Key requirement: Zero config changes between sites. The same playbooks and role code work for both dvntm and dvnt. All site-specific values (management IP, DHCP range, gateway, DNS domain, artifact server URLs, host records) come from inventory. The site switch is just which inventory directory is selected (-i ../ansible-inventory-deevnet/dvntm/ vs /dvnt/).

This means:

  • Each site inventory needs a complete group_vars/bootstrap_nodes.yml with site-appropriate values
  • The bootstrap role and dnsmasq template must be fully parameterized β€” no hardcoded site assumptions
  • The provisioner’s IP per site is defined in that site’s inventory host_vars

DNS domain: drop mgmt.deevnet.net #

The mgmt.deevnet.net subdomain adds a layer of indirection that doesn’t buy much when the builder operates on one site at a time. Use site-scoped domains only:

  • dvntm site: dvntm.deevnet.net (e.g., artifacts.dvntm.deevnet.net)
  • dvnt site: dvnt.deevnet.net (e.g., artifacts.dvnt.deevnet.net)

During bootstrap, the builder’s dnsmasq serves records in the site zone. In production, OPNsense is authoritative for the same zone.

Impact: The architecture docs (core-services.md, builder.md) reference mgmt.deevnet.net extensively. The multi-homing naming convention (provisioner-01-dvnt.mgmt.deevnet.net) also uses it. These docs will need updating, but that can be a separate pass.


Suggested Chunking #

Chunk A β€” Make bootstrap-auth functional (Gaps 1, 4, 8): Fix the playbook vars overrides and inventory so make bootstrap-auth actually enters bootstrap mode. Low risk, high value.

Chunk B β€” DNS and DHCP content (Gaps 3, 5): Extend dnsmasq.conf.j2 to render host records and static DHCP reservations from inventory. Requires template work and possibly a gather-hosts task similar to the OPNsense DHCP role.

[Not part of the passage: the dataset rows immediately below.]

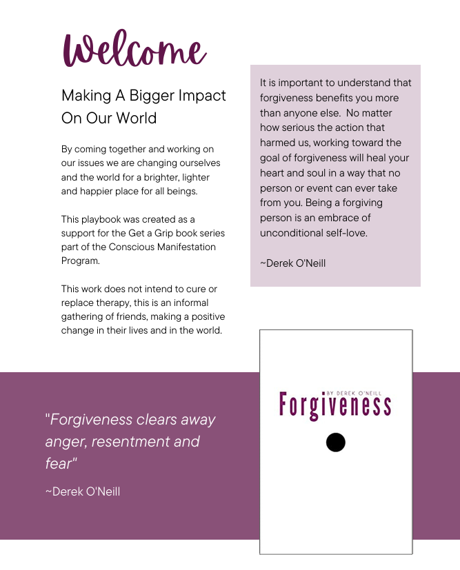 We gather the first 3 Monday’s a month, during European term time, at 7.30pm GMT via zoom. NB: Zoom gatherings will not be recorded. Our vision is to promote wellness, build community and expand through higher consciousness teachings. The practical wisdom we will access is part of the Get a Grip series by Derek O’Neill. These pocket-sized books explore themes that we all experience at some stage in life. Themes such as Anger, Weight, Forgiveness, Love/Divorce, Suicide and Gratitude, to name but a few and is supported by the Creacon Manifestation Programme.
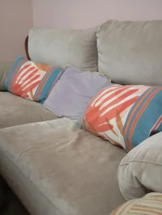 Sofá de tres plazas con un diseño moderno y cómodo. Sus cojines añaden un toque de color y estilo a tu salón. - Tapicería de tela. - Cambiada las espumas recientemente. - Cojín central en tono lila.
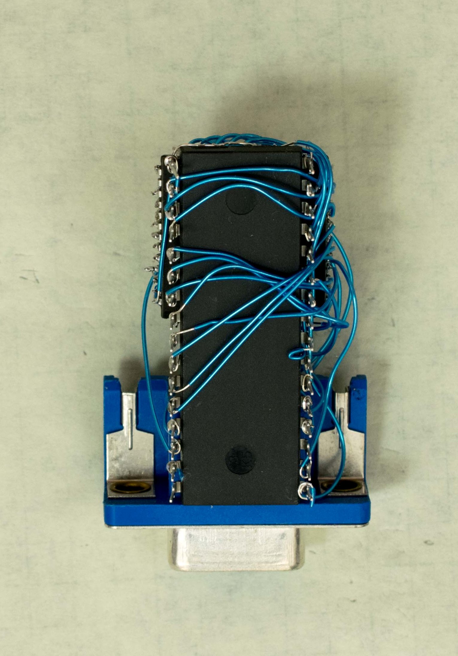 This is a follow up to my musing about using system RAM socket as a VGA interface. The 4K dual port video RAM is shadowing a 4K portion of the system RAM such that all write to the designated 4K portion of the RAM is also written to the dual port RAM. The VGA controller is reside on the CPLD which will display the content of the dual port RAM on a VGA monitor. The interesting part is the circuitry is implemented as collection of stacked ICs so CPLD, dual port RAM and 25.175MHz oscillator are all stacked on top of the system RAM. The first figure shows all the components of a stacked VGA interface. The 2nd picture shows the components of stacked VGA glued to the system RAM.
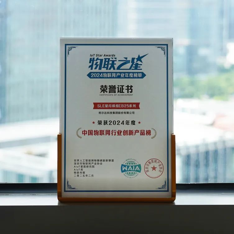 利尔达科技集团受邀出席,凭借卓越的技术实力与市场表现,斩获“2024年度中国物联网企业100强”称号,自主研发的EB25系列SLE星闪模组同时入选“2024年度中国物联网行业创新产品榜”。
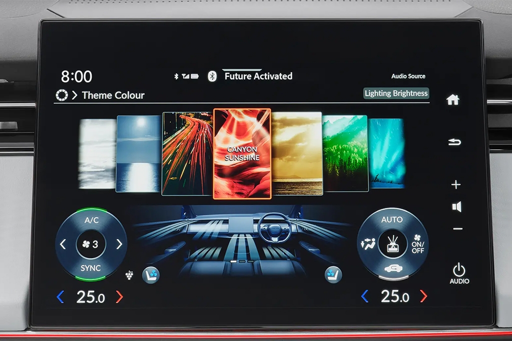 Inside, it combines spaciousness with comfort technologies, including ventilated front seats, an eight-way power-adjustable driver's seat with memory function, four-way power-adjustable front passenger seat, adjustable ambient lighting, and a Plasmacluster air purification system.
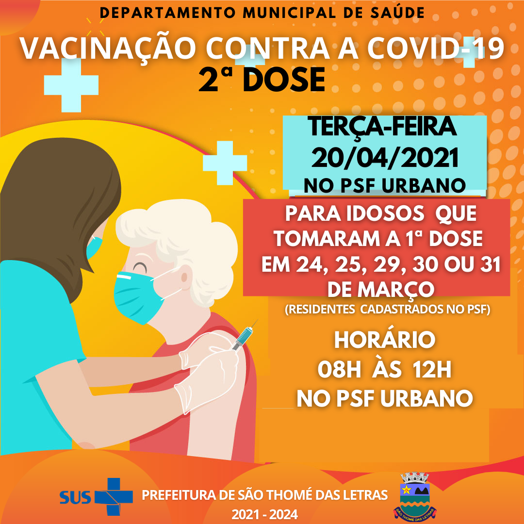 VACINAÇÃO DA 𝗦𝗘𝗚𝗨𝗡𝗗𝗔 𝗗𝗢𝗦𝗘 𝗖𝗢𝗡𝗧𝗥𝗔 𝗔 𝗖𝗢𝗩𝗜𝗗-𝟭𝟵| #CORONAVAC| ATENÇÃO FAMILIARES, NÃO ESQUEÇAM DE LEVAR O VOVÔ OU A VOVÓ. – O Departamento Municipal de Saúde convida a todos residentes/cadastrados para receberem a 𝗦𝗘𝗚𝗨𝗡𝗗𝗔 dose da vacina contra a covid-19.
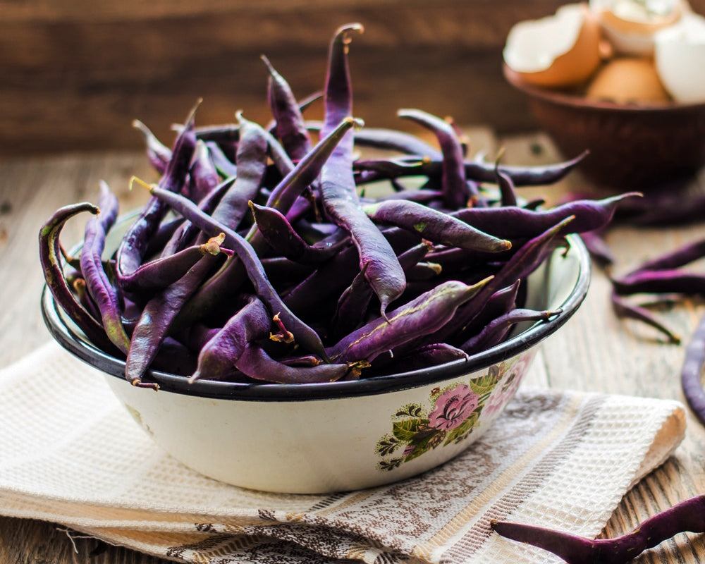 The Royal Burgundy bean has a dark purple outside with a bright green inside and is absolutely delicious! The 24-inch-tall plants grow upright and hold their pencil-shaped pods off the ground. Royal Burgundy performs exceptionally well under cool conditions. Buckskin color seeds.
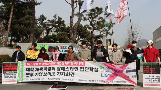 3월 5일 공동행동 참여 단체들이 연세대 앞에서 '대학 채용박람회 팔레스타인 집단학살 연루 기업 보이콧' 기자회견을 주최했다. 팔레스타인인 당사자이며 한국에서 석사과정에 있는 타렉 함단은 이스라엘이 병원과 학교를 파괴하는 "전쟁범죄"에 사용된 무기와 장비의 기업들을 기억한다며 공동행동을 지지했다.
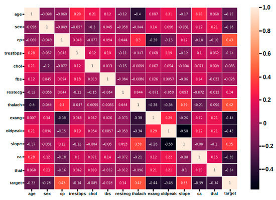 We observed a moderate positive correlations between “cp” and “target” (0.43), and “thalach” and “target” (0.42) as well as moderate negative correlations between “slope” and “oldpeak” (−0.58), “exang” and “target” (−0.44), and “oldpeak” and “target” (−0.43).
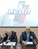 Исполнительный вице-президент Российского союза промышленников и предпринимателей Виктор Черепов (слева) и губернатор Омской области Виктор Назаров (справа) на совместном заседании Координационного совета по промышленной и научно-технической политике МА "Сибирское соглашение" и Координационного совета отделений РСПП Сибирского федерального округа. Заседание прошло в рамках Недели российского бизнеса.
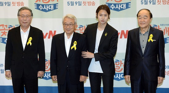 | ▲ 꽃할배수사대 제작발표회(왼쪽부터 배우 변희봉, 이순재, 김희철, 장광)/뉴시스 | ||
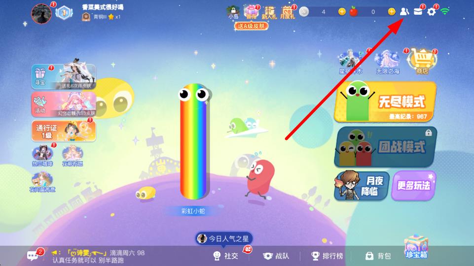 1、打开贪吃蛇大作战游戏,进入游戏主界面后,点击屏幕右上方的好友图标,进入好友相关操作界面。
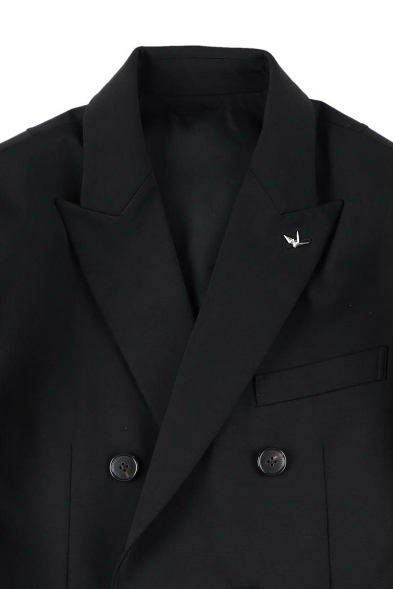 今季はセミピークドラペルのダブルジャケット、ノッチドラペルのシングルジャケット、

Chunk C β€” IP reconfiguration (Gap 2): Automate the interface IP swap. Riskiest chunk β€” modifying the IP of the host you’re running Ansible on can break the connection.

Chunk D β€” Architectural decision (Gap 6): Decide the multi-VLAN bootstrap scope. This is a design discussion, not a code change, but it affects Chunks B and C.

Chunk E β€” Polish (Gaps 7, 9, 10): OPNsense disable automation, validation steps, transition logging. Nice-to-haves.

Page last modified: March 26, 2026